Some old fashioned louvre windows dotted about the house are found to be an issue because when opened, the glass panes can be easily removed. Mr Miller's advice is to simply "drop a little bit of glue onto each of the glass panes... then the only way you're going through that is by breaking it".

Similarly, tiny windows left open during the day are a major vulnerability for many homes.

"Maybe a third and sometimes a higher percentage of houses broken into are broken into through a window left open," he says.

A small gap you may think is too small for a person to squeeze through presents an easy opportunity, and as Mr Miller puts it: "You've got to remember some of these burglars are 12 or 13 years old".

Making it hard for the burglar isn't just about installing locks and alarms. Obvious and free methods which help include storing your valuables out of sight and noting serial numbers. But even serial numbers have their weaknesses.

"The downside of serial numbers these days is they're printed on the back and can be pulled off. I'd like to see these things marked with some identifying mark that's unique to you."

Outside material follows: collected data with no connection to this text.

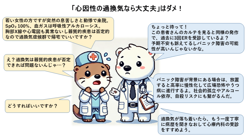 胸部X線や心電図も異常ないし器質的疾患は否定的なので過換気症候群で帰宅でいいですか? え?過換気は器質的疾患が否定できれば問題ないんじゃ…? パニック障害が背景にある場合は、放置すると高率に慢性化して広場恐怖やうつ病に進行するよ。社会的孤立やアルコール依存、自殺リスクにも繋がるんだ。 「心因性の過換気なら大丈夫」はダメ! どうすればいいですか? 過換気が落ち着いたら、もう一度丁寧に病歴を聞きなおして心療内科の受診をすすめよう。
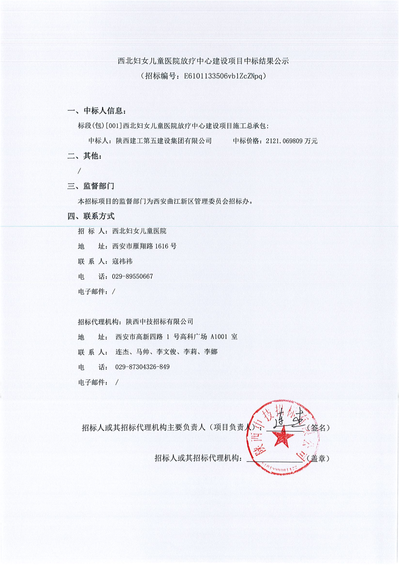 西北妇女儿童医院放疗中心建设项目中标结果公示
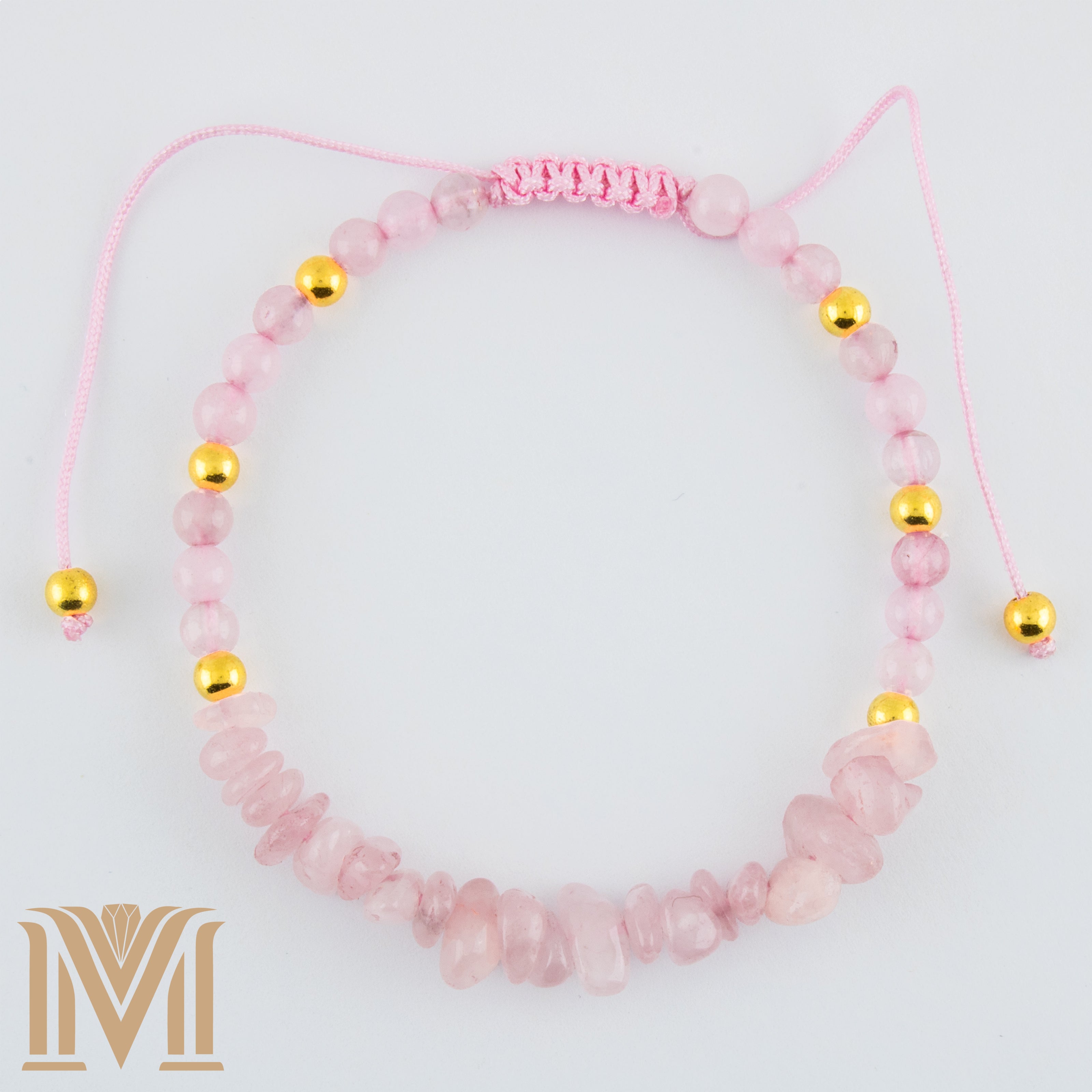 The smooth round and organic chip-cut beads reflect light beautifully, while the adjustable macramé cord ensures a comfortable fit on any wrist. Pair it with light neutrals, white linen, or even contrasting rich jewel tones for a romantic pop of pastel pink. Perfect for weddings, date nights, or self-love rituals.

Scratching your initials somewhere on your television means, if stolen, the mark will go on its file and can be searched for by police. Even if you receive a replacement TV without any cost to yourself through your insurance company, it could help police charge the offender.

Finally Mr Miller arrives at a familiar sight at the back door - an old-fashioned lock and key.

"Every house had one of these in the back door at one stage," he says.

"I used to carry a set that had five keys and they used to open all those back doors."

Leaving the key in its lock on the inside goes some way to mitigating this.

His final advice is simple: Be proactive in your neighbourhood. If you see anything suspicious, call it in to police.

"It might be okay, but it could be a burglar."

How you can reduce the risk of being burgled

  • Set up or join a Neighbourhood Support Group.

  • Make sure entry and exit points from your house have effective catches and locks.

  • If you are going out or away don't leave a door key hidden outside.

  • Keep garden sheds and garages secure.

  • Install sensor lights on access paths or around main external doors.

  • Ask unannounced visitors who they are and what they want.

  • Get to know your neighbours.

  • If you're going away, ask someone to collect your mail or newspaper and make the house look occupied.

  • Mark valuable property with serial numbers and keep a record of these numbers.

  • Place 'Beware of Dog' signs on the gate or fence.

  • If you have an answer phone, don't record a message that suggests you're out or alone.

  • Don't hesitate to call police to report something out of the ordinary.